I understand hash collisions with forged firmware are easy to realize if I only use a CRC32 check but for the kind of device I am working on this is an acceptable risk.

If in a future project a higher level of security is required in combination with lower startup times we have to take this into account and look for a processor that can do a better check in HW so that the verification lime can be kept in check (if it matters).

I modified the prepareimage tool to genere a matching CRC32 with the one the hardware CRC block generates and now the 'unsecure' verification runs in 100 ms @ 48Mhz so that is OK.

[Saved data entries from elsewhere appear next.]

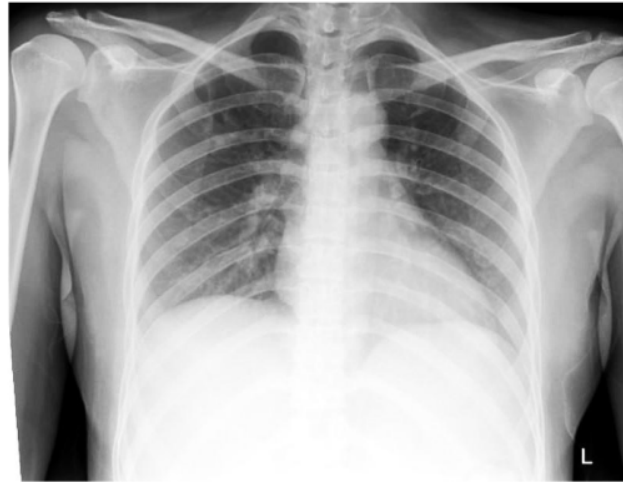
Figure 1. Normal anteroposterior chest radiograph
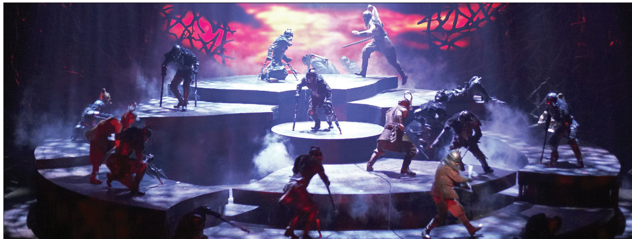
Above: The arrangement of revolves and lifts is clearly visible in this battle scene.

Sound favourite, LDS400s, as Orchestra cross-fills: "The idea was really to have all of the sound of the orchestra and the cast singing focussed to the stage. We also knew the show would have to get really loud and we needed a big rig able to handle that," Severson smiled.
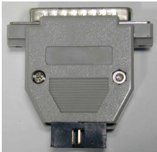
Fig 2.1 Downloading Adapter
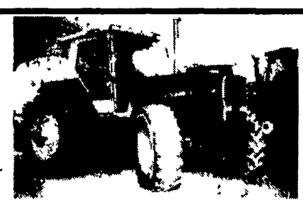
MF 3680 4x4, 160 HP $34,000
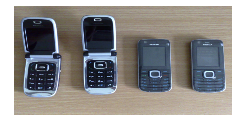
Fig. 2. Devices used in the relay attack – Device B (Nokia 6131 NFC), Proxy A (Nokia 6131 NFC), Proxy B (Nokia 6212 Classic NFC) and Device A (Nokia 6212 Classic NFC).
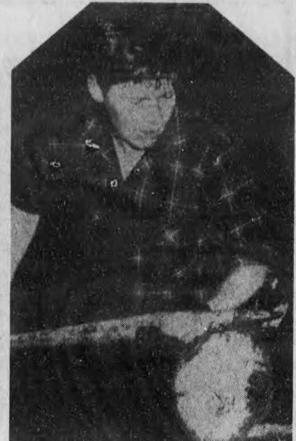
Oh, my Appendix!
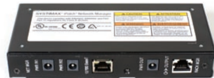
SYSTIMAX 360 iPatch Network Manager

With the iPatch Control System operating as a reporting system for your Intelligent Infrastructure Solutions, you gain the Vision and Knowledge you need to take Control of your network.
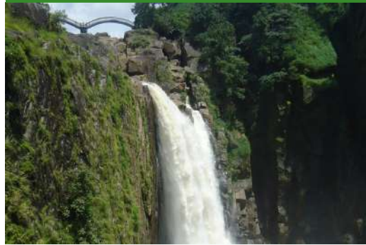
Cherrapunji, Meghalaya 793108
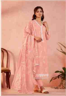
Muse - 1001
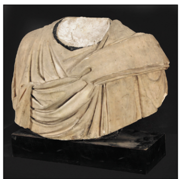
Roman Imperial Life-Size Bust

Bid live in-person at our gallery, or online at Tremontauction.com • LiveAuctioneers • Invaluable
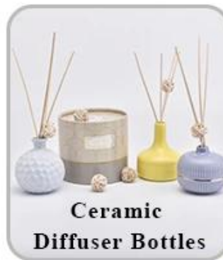
Ceramic Diffuser Bottles
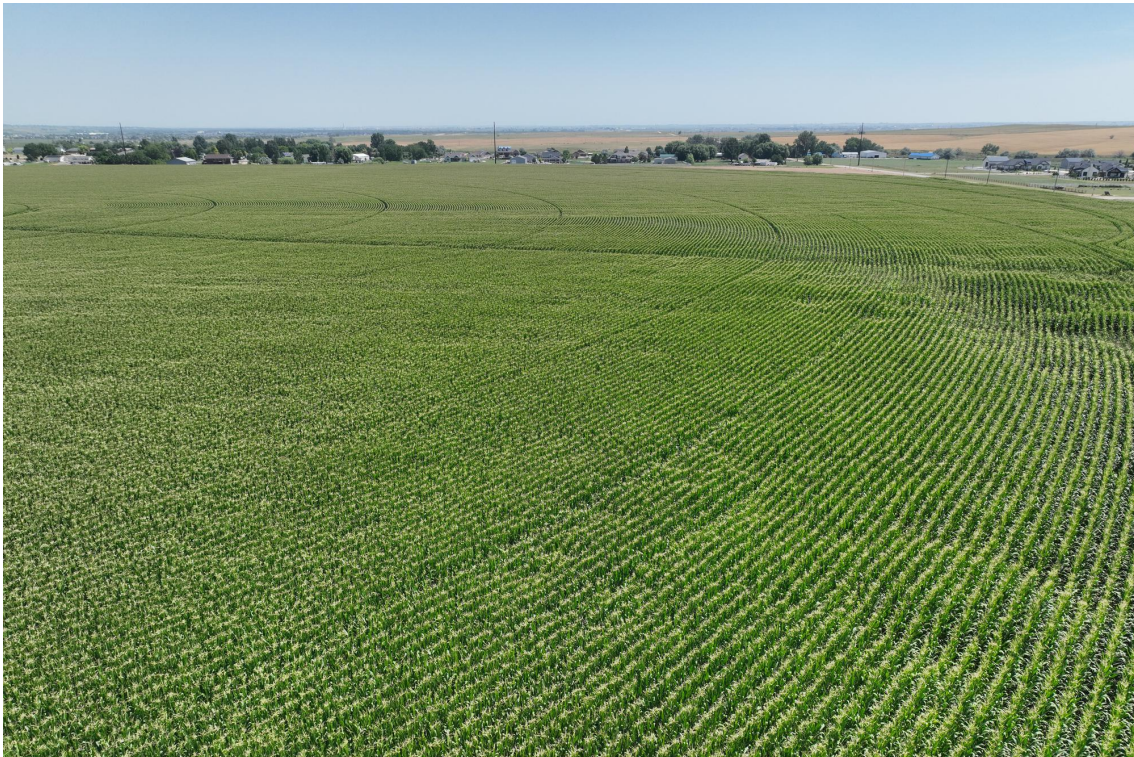
Photograph 2: View facing east as required in Energy and Carbon Management Commission (ECMC) Rule 1004. Photo Taken from GPS 40.306915, -104.884444

I do still run into the very very weird issue now : if I program the bootloader with a Jlink debugger everything is OK, but if I program it via a DFU file with the baked in bootloader it goes wrong. When reading back the contents of the program flash where the bootloader is located (256kb in my case, I had to add some other stuff so I had to add the next 2 sectors too) for both ways of programming they are 100% the same. Also the option bytes are the same (I disabled protections for now) but still somewhere really early in the startup phase (before C code starts) the first instruction of __iar_zero_init3 for zeroing out memory which is a LDR.W R1, [R0]#0x4 instruction manages to result in a jump to 0x801bc3c (always the same address, no idea why). This happens even if i completely power down and restart the board (in the idea that maybe some interrupt was still armed from the baked in bootloader). It does not happen in the Jlink version. I am still investigating (now comparing all cpu regs between the 2 situations when the instruction is executed), if I don't find it I will make a dedicated post for it, but if you happened to have experience with similar spooky behavior I am all ears 🙂

Regards

Bram

Jocelyn RICARD
ST Employee

Hello Peeters,

what I would do is flash with DFU, re-read all flash with flasher. Then flash with flashed, re-read the whole flash.

Should be exactly the same.

If they are exactly the same and the CPU behaves differently, I don't know what to say !

I know JLink is setting some registers to be able to keep the hand in case of low power transition.

But all these settings should be removed after a power on reset.

Best regards

Jocelyn

Eivor
Associate II

Hello Peeters,

Can you tell me how did you port the f413 sbsfu example to f429?!